Jake Austin Dunning (born August 12, 1988) is an American former professional baseball pitcher. He played for the San Francisco Giants in Major League Baseball (MLB). He is the older brother of Dane Dunning.

Career

Amateur
Dunning attended Indiana University, where he played college baseball for the Indiana Hoosiers baseball team. In 2009, he played collegiate summer baseball with the Hyannis Mets of the Cape Cod Baseball League.

San Francisco Giants
The Giants drafted Dunning in the 33rd round of the 2009 MLB Draft.
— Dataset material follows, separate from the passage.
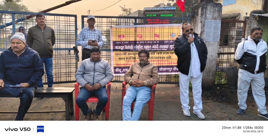 सोहागपुरदामिनी माइन के मुख्य द्वार पर गुरुवार सुबह संयुक्त मोर्चा एचएमएस–इंटक–एटक–सीटू द्वारा 12 फरवरी को प्रस्तावित राष्ट्रव्यापी हड़ताल को लेकर जोरदार गेट मीटिंग आयोजित की गई। यह बैठक सुबह 7:30 बजे से 9:30 बजे तक चली, जिसमें बड़ी संख्या में मजदूरों और कर्मचारियों ने भाग लेकर एकजुटता का संदेश दिया।गेट मीटिंग की अध्यक्षता कामरेड राजेश चंद्र शर्मा ने की, जो कंपनी वेलफेयर बोर्ड मेंबर होने के साथ-साथ एटक के सोहागपुर क्षेत्रीय सचिव भी हैं। बैठक का मंच संचालन एसएमएस से मनोज द्विवेदी ने प्रभावशाली ढंग से किया।सभा को संबोधित करते हुए एटक के एरिया अध्यक्ष रावेंद्र शुक्ला ने कहा कि आज मजदूर वर्ग लगातार बढ़ती महंगाई, निजीकरण और श्रम कानूनों में बदलाव के कारण गंभीर संकट से गुजर रहा है। सरकार और प्रबंधन की नीतियां श्रमिक विरोधी होती जा रही हैं, जिसके खिलाफ एकजुट संघर्ष ही एकमात्र रास्ता है।एचएमएस के एरिया अध्यक्ष एवं एरिया सेफ्टी बोर्ड मेंबर राकेशकांत पाण्डेय ने खदानों में सुरक्षा व्यवस्था पर चिंता जताते हुए कहा कि उत्पादन बढ़ाने के दबाव में मजदूरों की जान को खतरे में डाला जा रहा है। उन्होंने कहा कि सुरक्षा उपकरणों की कमी और मानकों की अनदेखी गंभीर हादसों को न्योता दे रही है।सीटू के राज्य सचिव एवं सोहागपुर क्षेत्रीय सचिव अरुण गौतम ने केंद्र सरकार की नीतियों पर तीखा हमला बोलते हुए कहा कि सार्वजनिक क्षेत्र की कंपनियों को कमजोर कर निजी हाथों में सौंपने की साजिश चल रही है। इससे न सिर्फ रोजगार घटेगा बल्कि श्रमिकों के अधिकार भी समाप्त हो जाएंगे।सीटू क्षेत्रीय वेलफेयर बोर्ड मेंबर धीरेंद्र पांडेय ने मजदूरों से अपील की कि वे किसी भी दबाव में आए बिना 12 फरवरी की हड़ताल को पूरी मजबूती से सफल बनाएं, ताकि सरकार और प्रबंधन तक श्रमिकों की आवाज मजबूती से पहुंचे।बैठक में जानकारी देते हुए विनोद शर्मा एचएमएस एरिया सेफ्टी बोर्ड मेंबर ने विस्तार से बताया कि यह हड़ताल मजदूरों की 17 सूत्रीय मांगों को लेकर की जा रही है, जिसमें स्थायी रोजगार, समान काम के लिए समान वेतन, पुरानी पेंशन योजना की बहाली, महंगाई पर नियंत्रण, निजीकरण पर रोक और खदानों में सुरक्षा व्यवस्था मजबूत करने जैसी प्रमुख मांगें शामिल हैं। उन्होंने कहा कि यदि इन मांगों को अनसुना किया गया तो आने वाले समय में आंदोलन और तेज किया जाएगा।गेट मीटिंग के दौरान मजदूरों में जबरदस्त उत्साह देखने को मिला। “मजदूर एकता जिंदाबाद”, “हड़ताल सफल बनाओ” जैसे नारों से पूरा क्षेत्र गूंज उठा। वक्ताओं ने स्पष्ट किया कि यह लड़ाई सिर्फ एक दिन की नहीं, बल्कि मजदूरों के भविष्य और अधिकारों की रक्षा की लड़ाई है।अंत में सभी संगठनों ने एक स्वर में 12 फरवरी की हड़ताल

The Giants added Dunning to their 40-man roster after the 2012 season, and promoted him to the major leagues for the first time on June 14, 2013. Dunning made his MLB debut on June 16, 2013, against the Atlanta Braves. He dedicated his first major league performance to his parents, John and Misu Dunning.

Dunning is the only MLB pitcher to give up two grand slams at Oracle Park (known as AT&T Park at the time), both of them coming during the 2013 season. They were the only two home runs hit against him during his 30-game major league career.

On May 5, 2014, Dunning allowed runners to score on two consecutive wild pitches in a game against the Pittsburgh Pirates.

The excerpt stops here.